In ordinary text, printing has grown away from the distinctions to the
eye that were in vogue two hundred years ago--a gain to art and perhaps
to legibility also, though contemporary critics like Franklin lamented
the change--but in reference books we have attained to a finer skill in
making distinctions to the eye than our forefathers achieved with all
their typographic struggles. Nor are our reference pages lacking in
beauty. But our familiarity with works of this class tends to obscure
their wonderful merit as time-savers and eye-savers. It is only when we
take up some foreign dictionary, printed with little contrast of type,
perhaps in German text, and bristling with unmeaning abbreviations, that
we appreciate our privilege. Surely this is a marvelous mechanical
triumph, to present the words of an author in such a form that the eye,
to take it in, needs but to sweep rapidly down the page, or, if it
merely glances at the page, it shall have the meaning of the whole so
focused in a few leading words that it can turn at once to the passage
sought, or see that it must look elsewhere. The saving of time so
effected may be interpreted either as a lengthening of life or as an
increased fullness of life, but it means also a lessening of friction
and thus an addition to human comfort.
We have been speaking of prose; but print has done as much or more to
interpret the meaning of poetry. We have before us a facsimile of
nineteen lines from the oldest Vatican manuscript of Vergil. The
hexameters are written in single lines; but this is the only help to the
eye. The letters are capitals and are individually very beautiful,
indeed, the lines are like ribbons of rich decoration; but the words are
not separated, and the punctuation is inconspicuous and primitively
simple, consisting merely of faint dots. Modern poetry, especially
lyric, with its wealth and interplay of rhyme, affords a fine
opportunity for the printer to mediate between the poet and his public,
and this he has been able to do by mere indention and leading, without
resorting to distinction of type. The reader of a sonnet or ballad
printed without these two aids to the eye is robbed of his rightful
clues to the construction of the verse. It seems hardly possible that a
poem could have been read aloud from an ancient manuscript, at sight,
with proper inflection; yet this is just what printing can make possible
for the modern reader. It has not usually done so, for the printer has
been very conservative; he has taken his conception of a page from
prose, and, not being compelled to, has not placed all the resources of
his art at the service of the poet. Accents, pauses, and certain
arbitrary signs might well be employed to indicate to the reader the
way the poet meant his line to be read. Milton curiously gave us some
metric hints by means of changes in spelling, but we have to read all
our other poets in the light of our own discernment, and it is not to be
wondered at if doctors disagree. Even the caesura, or pause in the
course of a long line, is not always easy to place.
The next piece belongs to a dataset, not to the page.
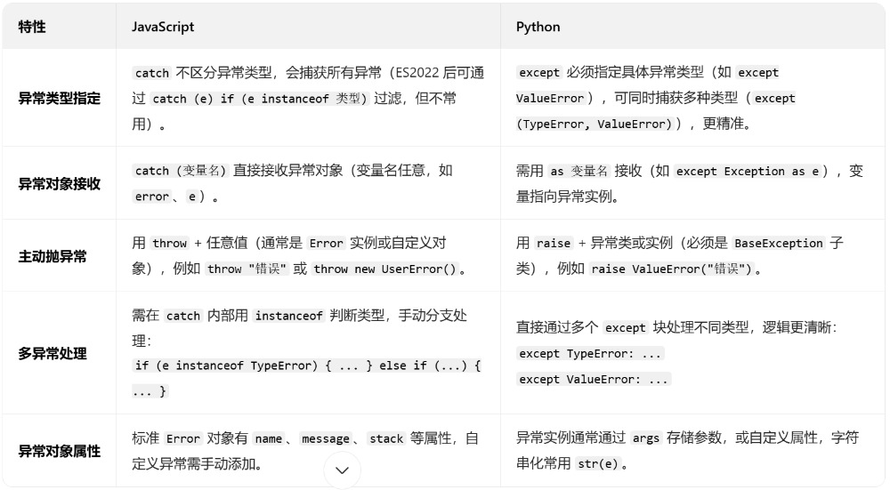 代码; //如:console.log(`异常类型:${e.name},异常原因:${e.message}`);
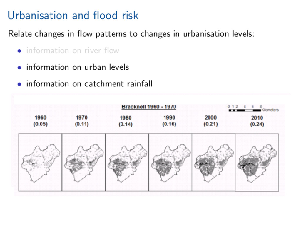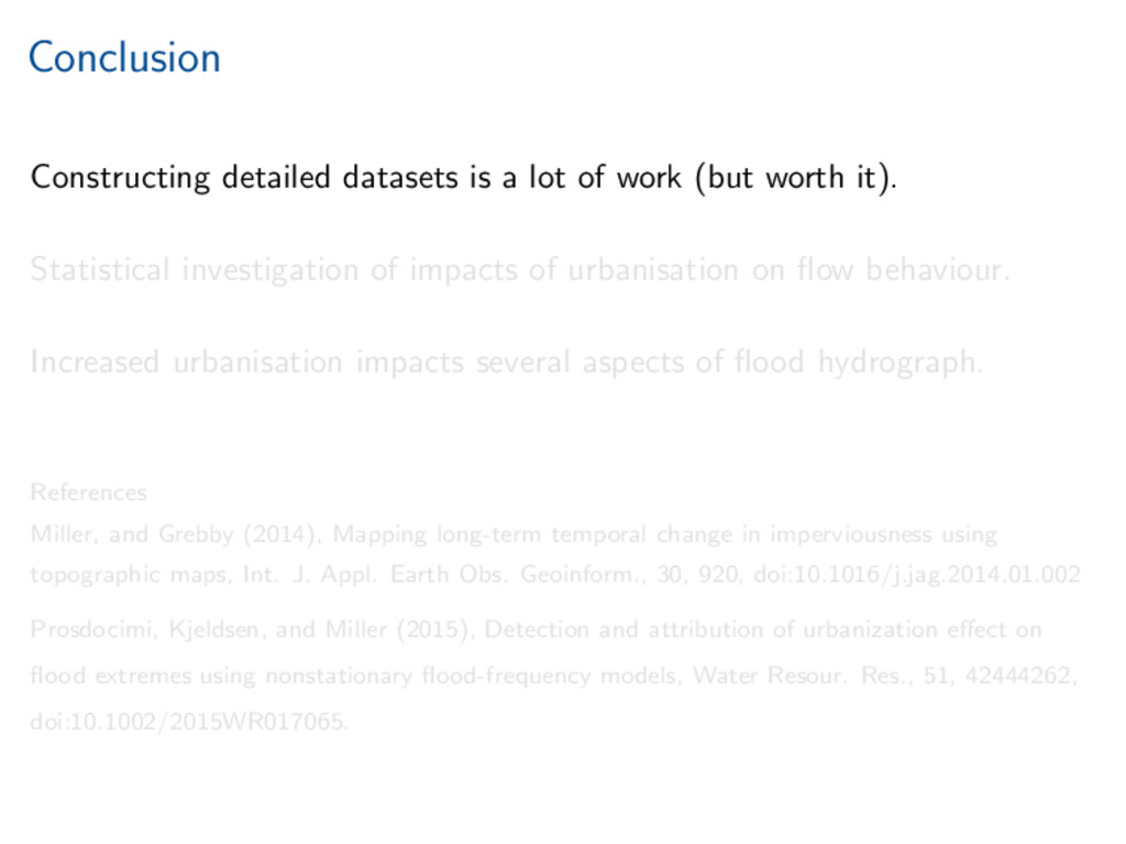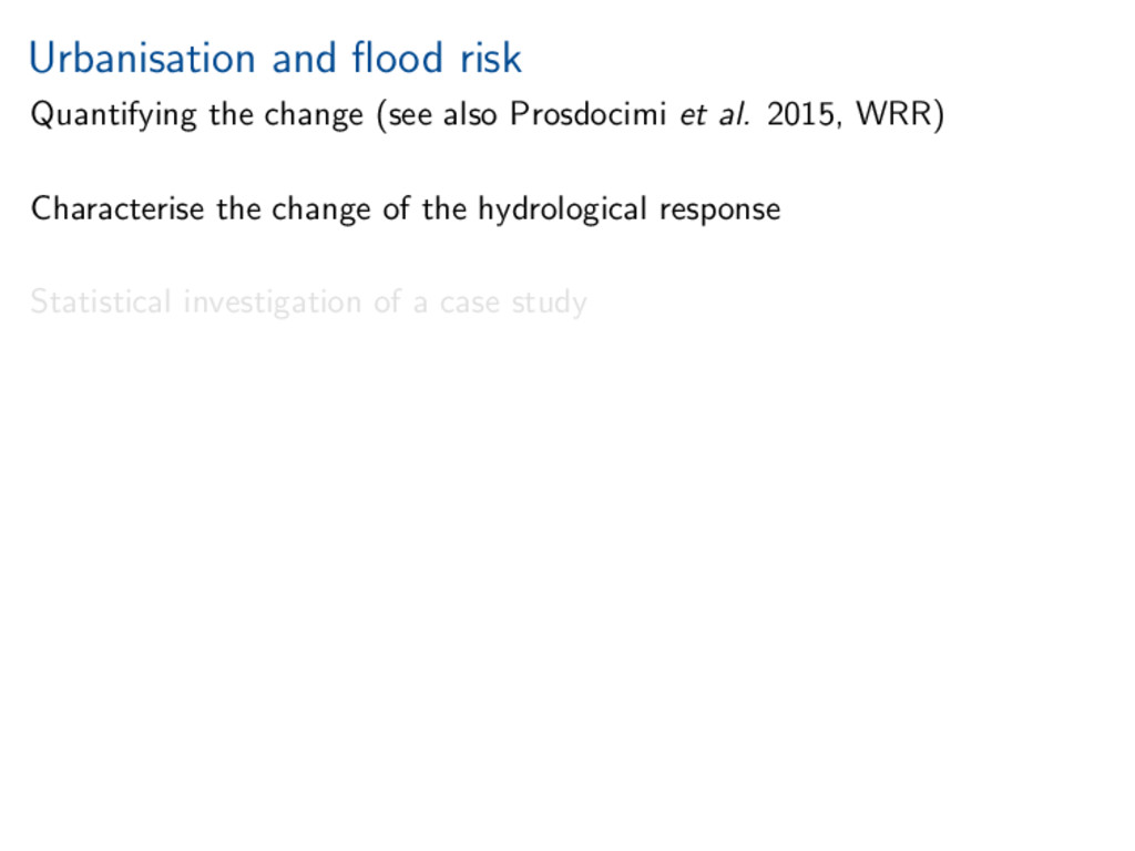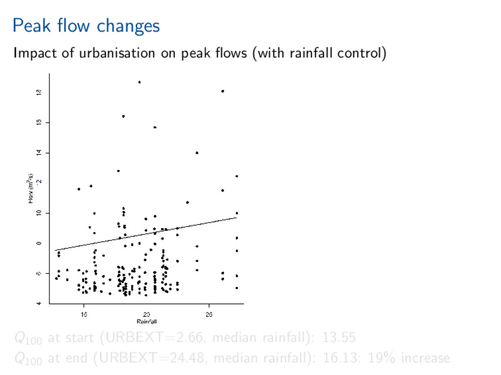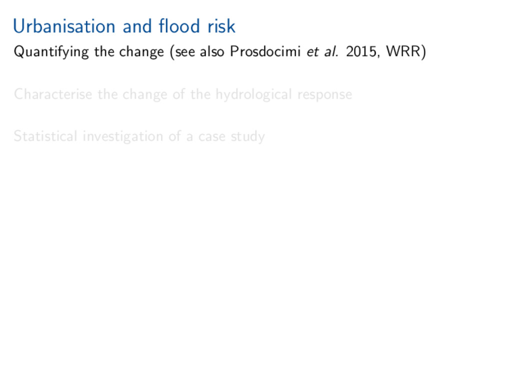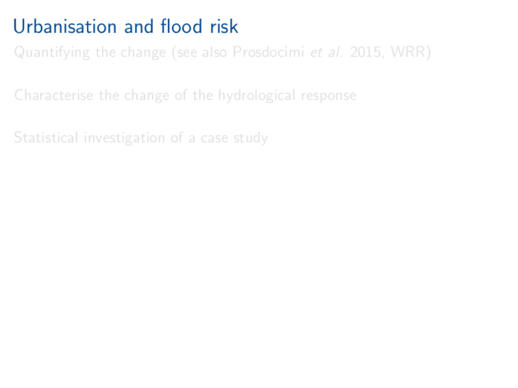worth it). Statistical investigation of impacts of urbanisation on flow behaviour. Increased urbanisation impacts several aspects of flood hydrograph. References Miller, and Grebby (2014), Mapping long-term temporal change in imperviousness using topographic maps, Int. J. Appl. Earth Obs. Geoinform., 30, 920, doi:10.1016/j.jag.2014.01.002 Prosdocimi, Kjeldsen, and Miller (2015), Detection and attribution of urbanization effect on flood extremes using nonstationary flood-frequency models, Water Resour. Res., 51, 42444262, doi:10.1002/2015WR017065.

Francis Thompson, in
his poem "A Judgement in Heaven," has indicated this by an asterisk,
giving an example that might well be followed by other poets and their
printers. The regularity of eighteenth-century verse made little call
for guide-posts, but modern free meter, in proportion to its greater
flexibility and richness, demands more assistance to the reader's eye,
or even to his understanding. For instance, to read aloud hexameters or
other long lines, some of which have the initial accent on the first
syllable and some later, is quite impossible without previous study
supplemented by a marking of the page. Yet a few printed accents would
make a false start impossible. Poetry will never require the elaborate
aid from the printer which he gives to music; but it seems clear that he
has not yet done for it all that he might or should.
It is surely not an extreme assumption that the first duty of the
printer is to the meaning of his author, and his second to esthetics;
but shall we not rather say that his duty is to meet both demands, not
by a compromise, but by a complete satisfaction of each? A difficult
requirement, surely, but one that we are confident the twentieth-century
printer will not permit his critics to pronounce impossible.